BEGIN SOURCE DATA
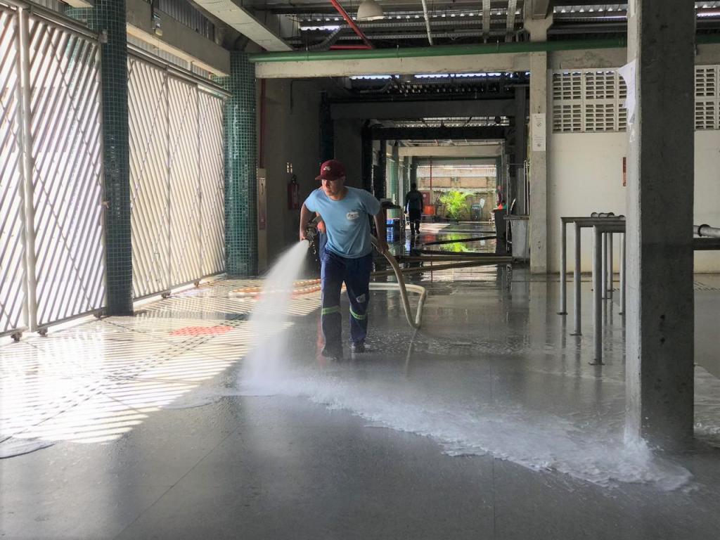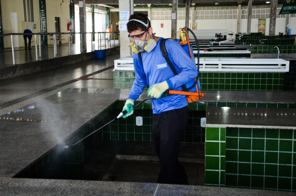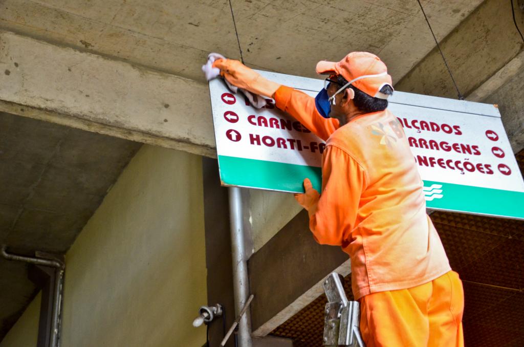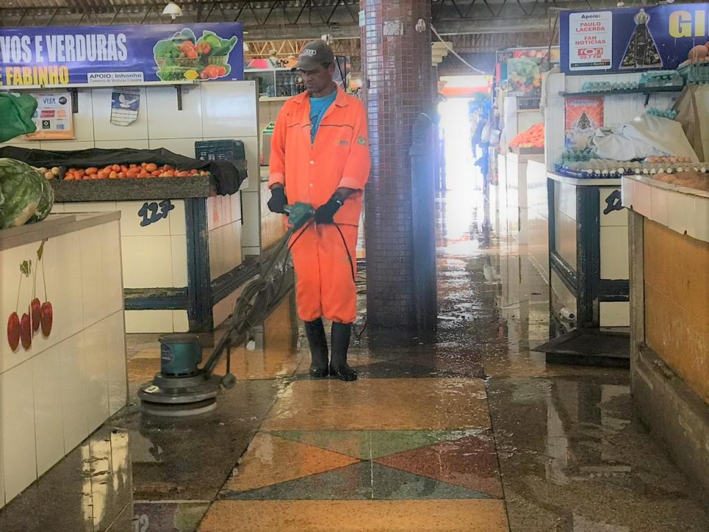 No mercado Maria Virgínia Franco, um dos principais centros de abastecimento da cidade, 33 agentes realizam, diariamente, a varrição dos corredores e lavagem dos setores de hortifruti, pescados e carnes. Já a cada 30 dias, cerca de 50 profissionais realizam uma higienização mais intensa em todos os setores com os serviços de dedetização, desratização, retirada de resíduos e desobstrução da rede interna de esgoto.
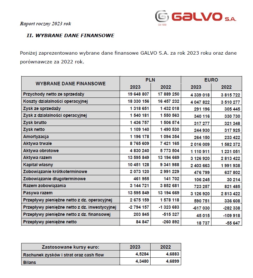 Wybrane dane finansowe
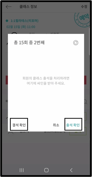 실제 결석을 하였을 경우 회원이 다음 수업에 왔을 때 결석 버튼을 누르고 결석 서명을 받아야 최종 결석이 됩니다.
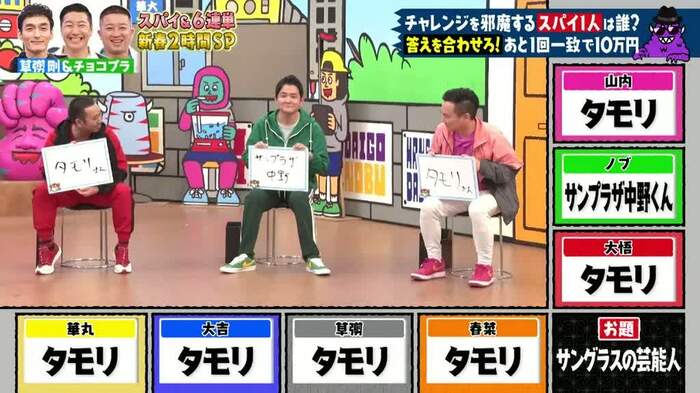 草彅さんに疑いの目が集まるなか、チャレンジが失敗に終わったため、スパイは失敗報酬10万円を獲得しました。
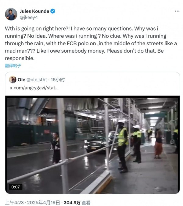 4月19日讯 球迷恶搞伪造孔德在街上跑步的视频,孔德社媒修起暗示窘态其妙。 巴萨主帅弗里克在发布会上暗示,要是告诉孔德某场比赛只给他30分钟或更少的出场时辰,孔...
END SOURCE DATA
* HOW TO COMPLETE THIS TASK *
Retype all the data exactly. Omit pictures.

* RESPONSE AREA *
 No mercado Maria Virgínia Franco, um dos principais centros de abastecimento da cidade, 33 agentes realizam, diariamente, a varrição dos corredores e lavagem dos setores de hortifruti, pescados e carnes. Já a cada 30 dias, cerca de 50 profissionais realizam uma higienização mais intensa em todos os setores com os serviços de dedetização, desratização, retirada de resíduos e desobstrução da rede interna de esgoto.
 Wybrane dane finansowe
 실제 결석을 하였을 경우 회원이 다음 수업에 왔을 때 결석 버튼을 누르고 결석 서명을 받아야 최종 결석이 됩니다.
 草彅さんに疑いの目が集まるなか、チャレンジが失敗に終わったため、スパイは失敗報酬10万円を獲得しました。
 4月19日讯 球迷恶搞伪造孔德在街上跑步的视频,孔德社媒修起暗示窘态其妙。 巴萨主帅弗里克在发布会上暗示,要是告诉孔德某场比赛只给他30分钟或更少的出场时辰,孔...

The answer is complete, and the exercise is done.